* _INSTRUCTIONS FOR THE TASK_
Your copy runs from the line containing "Stop Küdinghoven of" through the last line of the listing, both included. Restate those lines word for word and leave out pictures.

________

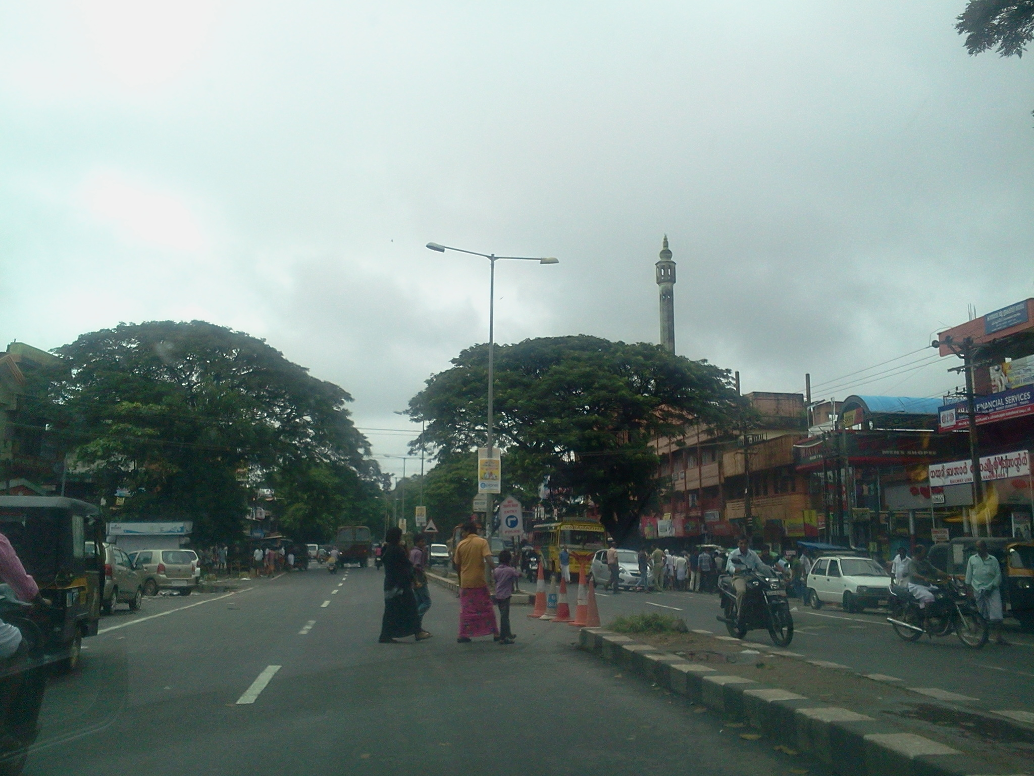 Kanhangad Town
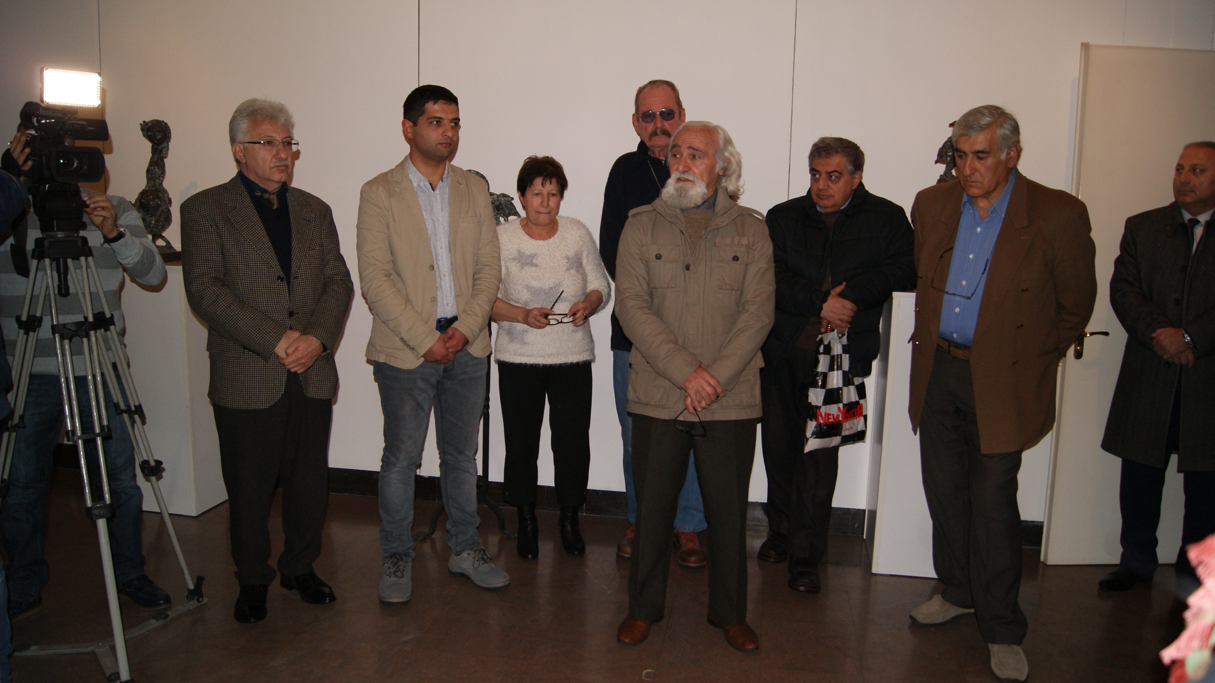 Արման Համբարձումյանի «Առասպելներ» ցուցահանդեսը Հովհաննես Շարամբեյանի անվան ժողովրդական ստեղծագործության կենտրոնում Arman Hambardzumyan's Exhibition "Myths" in Folk Arts Center
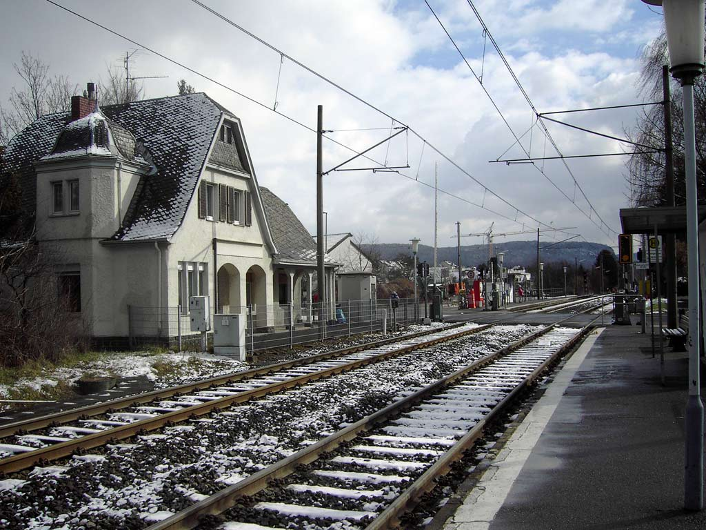 Stop Küdinghoven of the tram line 62 with the former station building in Bonn.
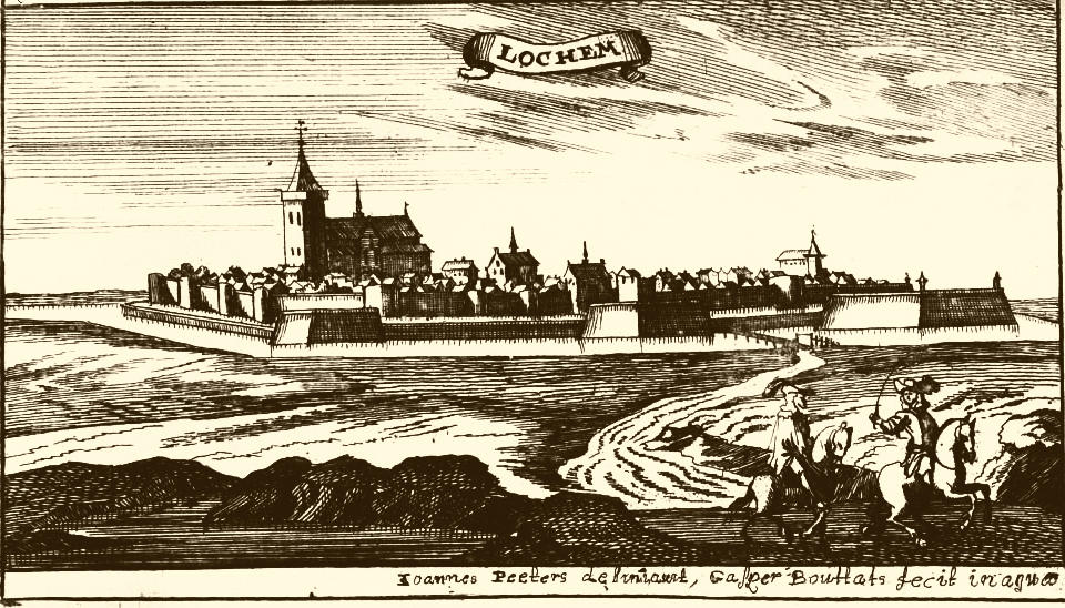 Panorama of the city Lochem in 1674
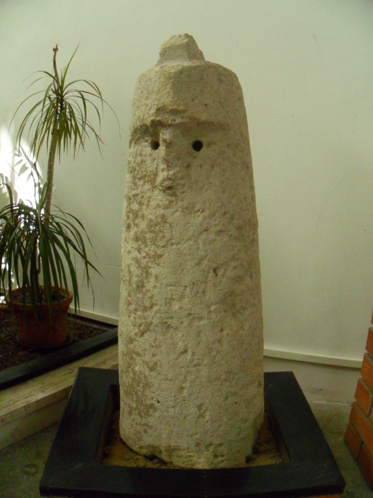 Baetylus statue viddalba
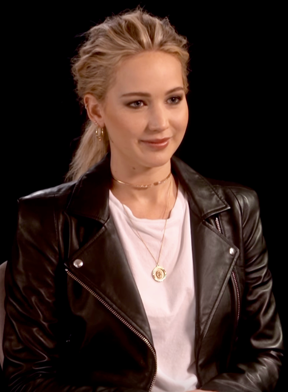 Jennifer Lawrence promoting Red Sparrow in 2018
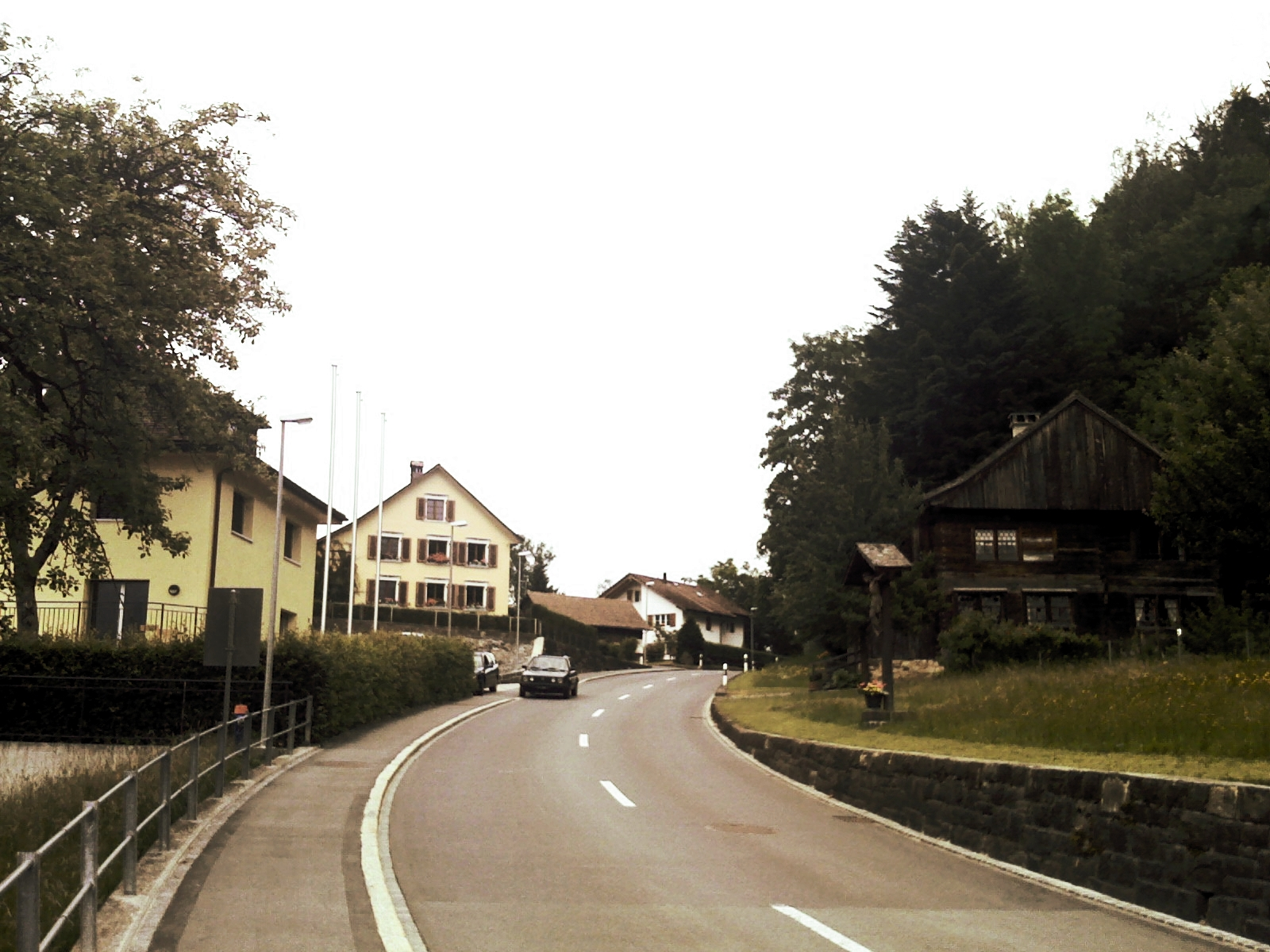 Schellenberg (at right: the Biedermann House), LiechtensteinEsperanto: Schellenberg (dekstre: la Biedermann-Domo), Liĥtenŝtejno
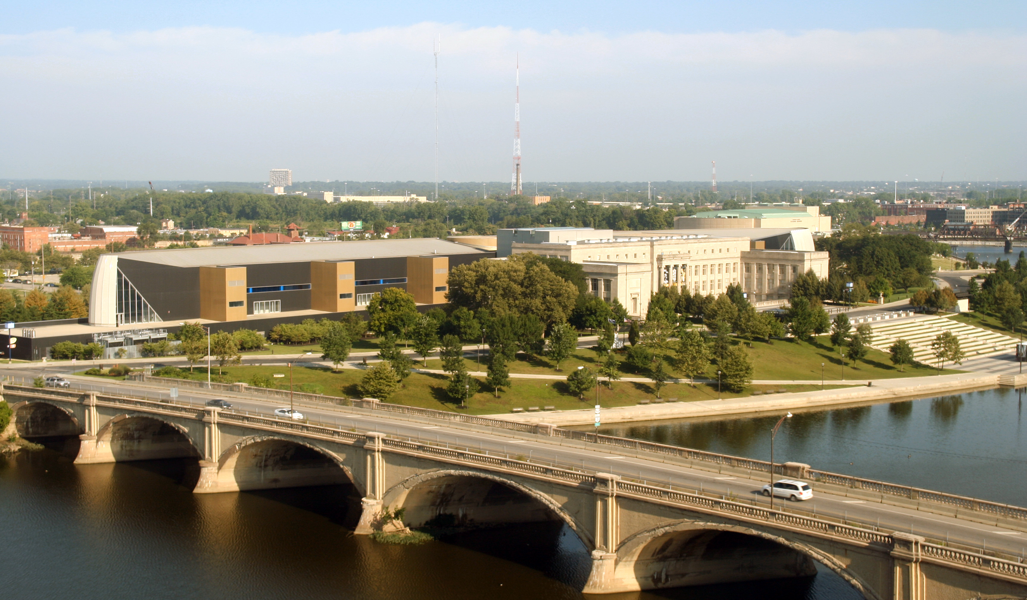 COSI in Columbus, Ohio.
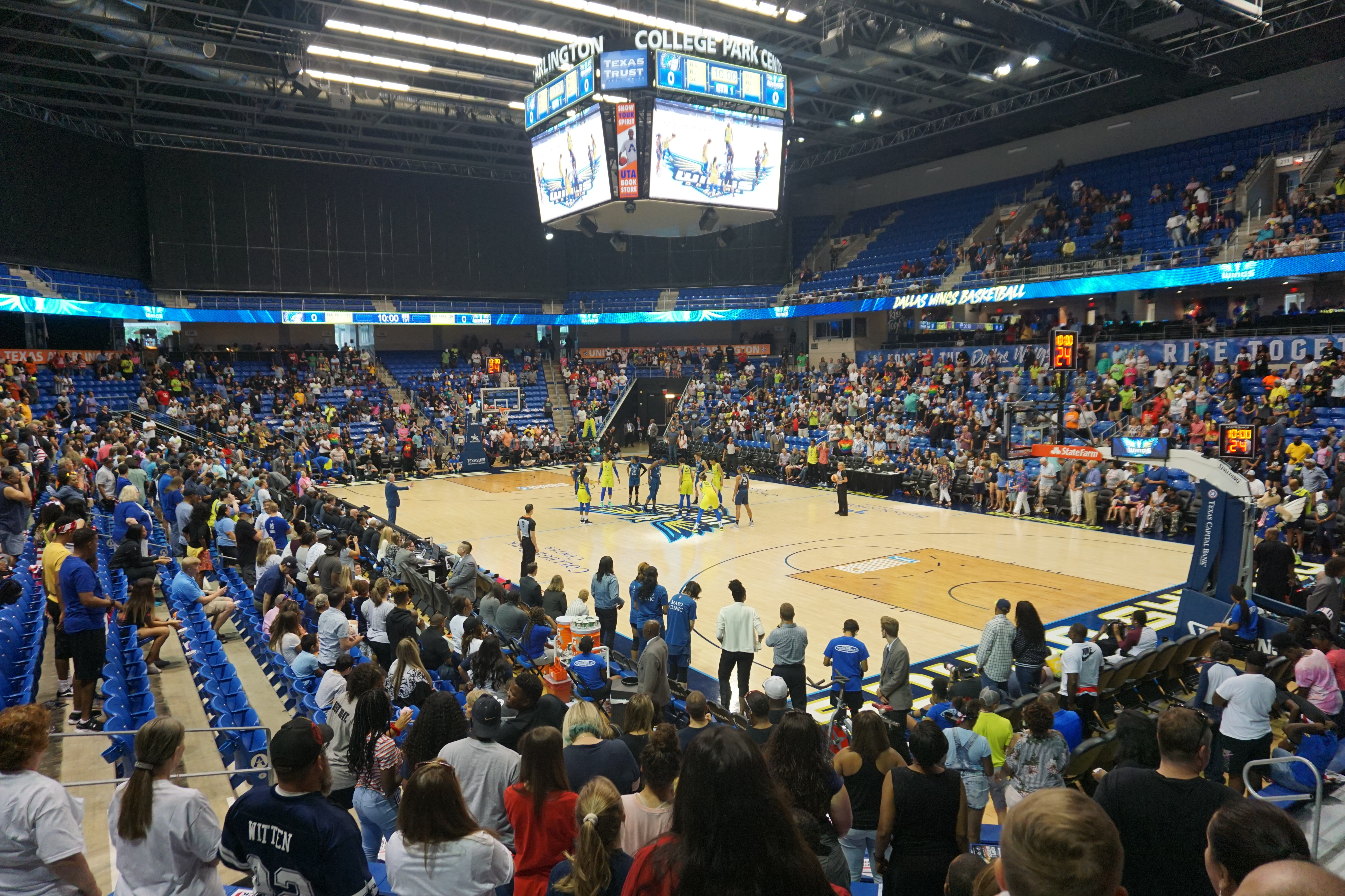 The opening tip of the Minnesota Lynx vs. Dallas Wings basketball game at College Park Center in Arlington, Texas (United States). Dallas won 89–86.

________

* _COMPLETED TASK_
 Stop Küdinghoven of the tram line 62 with the former station building in Bonn.
 Panorama of the city Lochem in 1674
 Baetylus statue viddalba
 Jennifer Lawrence promoting Red Sparrow in 2018
 Schellenberg (at right: the Biedermann House), LiechtensteinEsperanto: Schellenberg (dekstre: la Biedermann-Domo), Liĥtenŝtejno
 COSI in Columbus, Ohio.
 The opening tip of the Minnesota Lynx vs. Dallas Wings basketball game at College Park Center in Arlington, Texas (United States). Dallas won 89–86.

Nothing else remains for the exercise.